Chris Anderson Is Perennially in Search of Innovative Ways to Inspire Mankind Through the Ted Platform.
If you ask TED curator Chris Anderson about his favourite TED talk, he instantly says that some of his favourite talks are yet to come into the public domain. Anderson is referring to the Hindi version of TED Talks, scheduled to be aired on Star Plus later this month. It is the first time TED Talks will be in a language other than English. And Anderson is excited. He has been personally involved in not just the selection of speakers, but also in speaker rehearsals to ensure that they present the most transformational ideas. “There are some amazing talks coming up,” he says.

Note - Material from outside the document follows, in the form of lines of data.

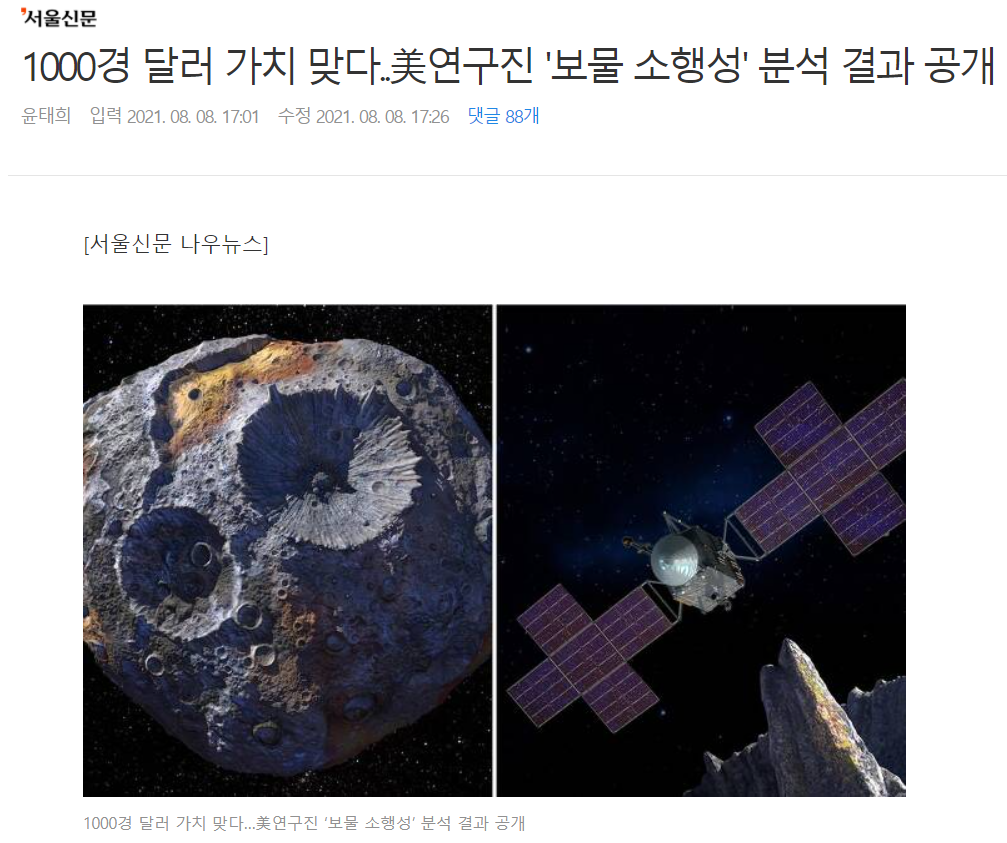 이런 소행성에서 자원 채굴해 지구로 가져오겠다는 스타트업 있음. 상업적 성공 가능 년도를 50년 뒤로 보고 사업 준비하는데 놀랍게도 투자자들이 넘쳐서 더 이상 투자 안 받는다고. 참고로 이미 작년 12월에 일본 탐사선 하야부사 2호가 소행성 류구에서 토양을 채취해 지구로 가져온 적 있음.
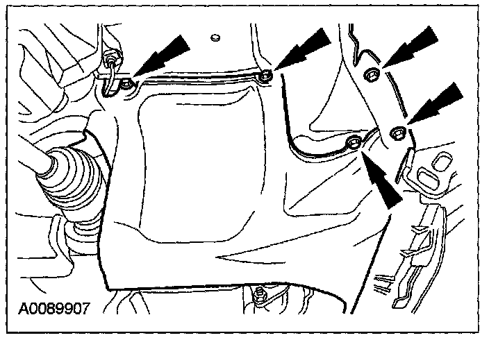 2. Remove the 5 bolts, the pin-type retainer (not shown) and the RH splash shield.
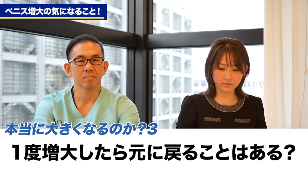 橘:何が正解なのか逆にわからない方も多くいると思うので、今回は質問を26個用意しました。それを先生にお答えいただきたいと思います。それではまず早速、男性がペニス手術に関して気になることの質問。まずは一番多い「本当に大きくなるの?」という系の質問を聞いていきたいと思います。
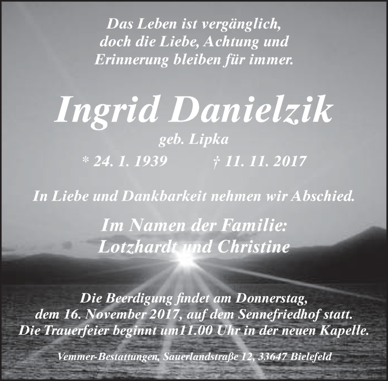 Hier finden Sie alle Traueranzeigen aus der Zeitung, die bisher für Ingrid Danielzik erschienen sind. Weitere Traueranzeigen, die in der Zeitung erscheinen, werden hier ebenfalls aufgelistet
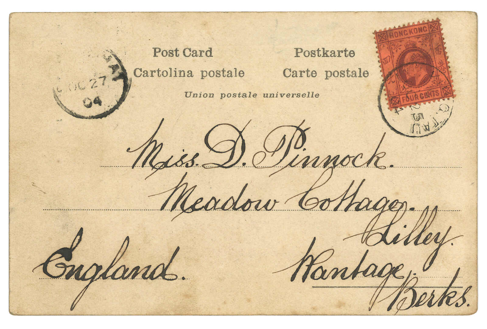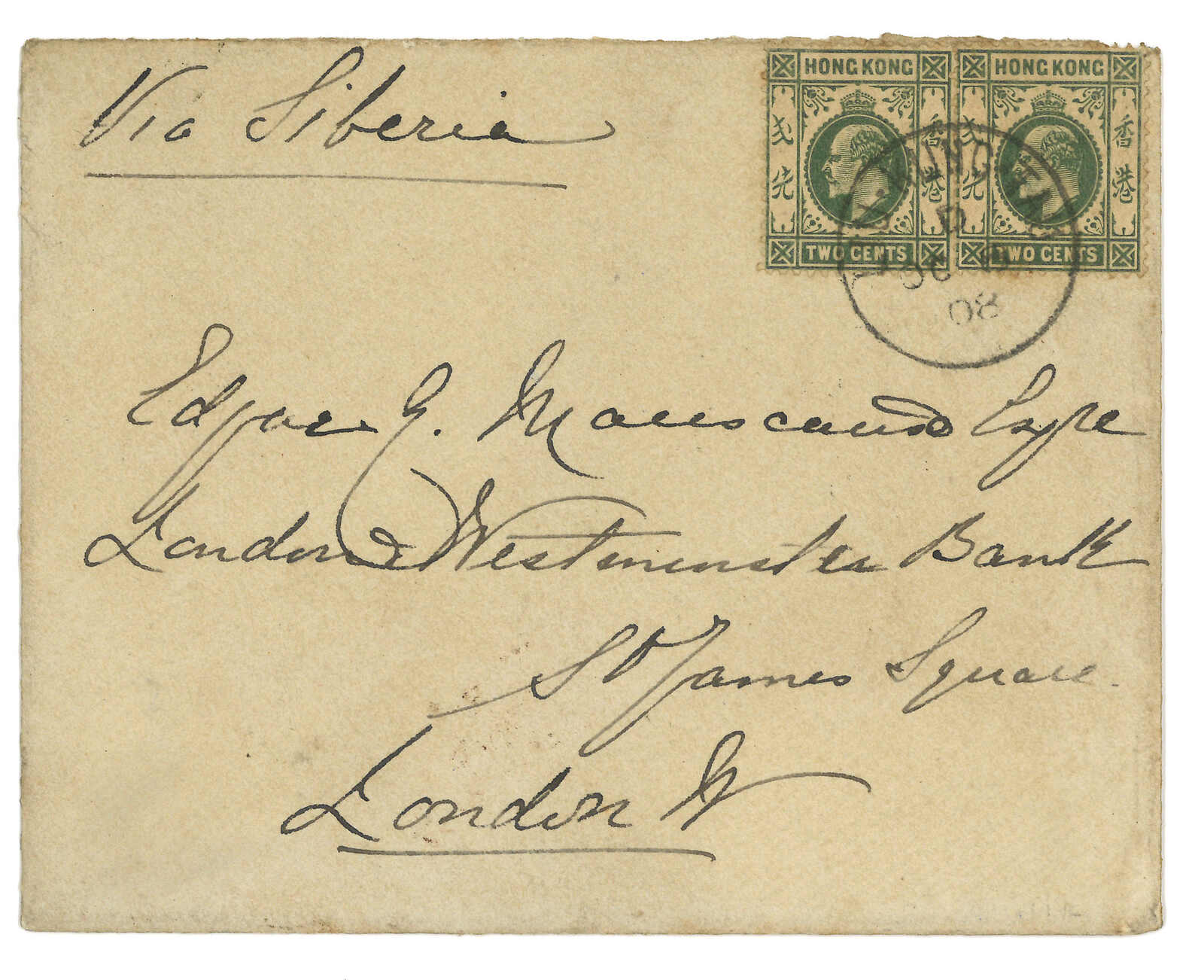 3040 cover image1904 and 1908 a pair of outgoing cover and postcard from Liu Kung Tau BPO, f.w. Hong Kong KEVII 4c and 2c in pair, tied by Webb type B and C cds respectively.

Those who might have imagined that the brain behind the popular TED Talks show would be, like most media personalities, flamboyant, and overtly outspoken, are seriously mistaken. The 60-year-old TED curator, once a journalist, comes across as a shy person. Most of us watch a TED talk not just for inspirational ideas but also to lift our spirits on days when everything has gone wrong. Anderson is, in many ways, TED personified. His first advice to anyone who is new to TED is to type ‘happiness’ and start watching what comes by. “The talks that have changed me most are about happiness,” he says.
His favourite advice on happiness is what was offered by American philosopher Dan Dennett, who, in a TED talk, said that the secret to happiness is finding something bigger than you are. Anderson claims he is working for that. As you engage in a conversation with him, he comes across as a warm and charming person whose single-minded goal is to bring about change in the world and inspire people to live life differently through TED.
This trait of giving back to society, in his case, through public speaking, is something he has inherited from his doctor parents, who spent a large part of their lives in India, Afghanistan, and Pakistan, doing eye surgeries free of cost.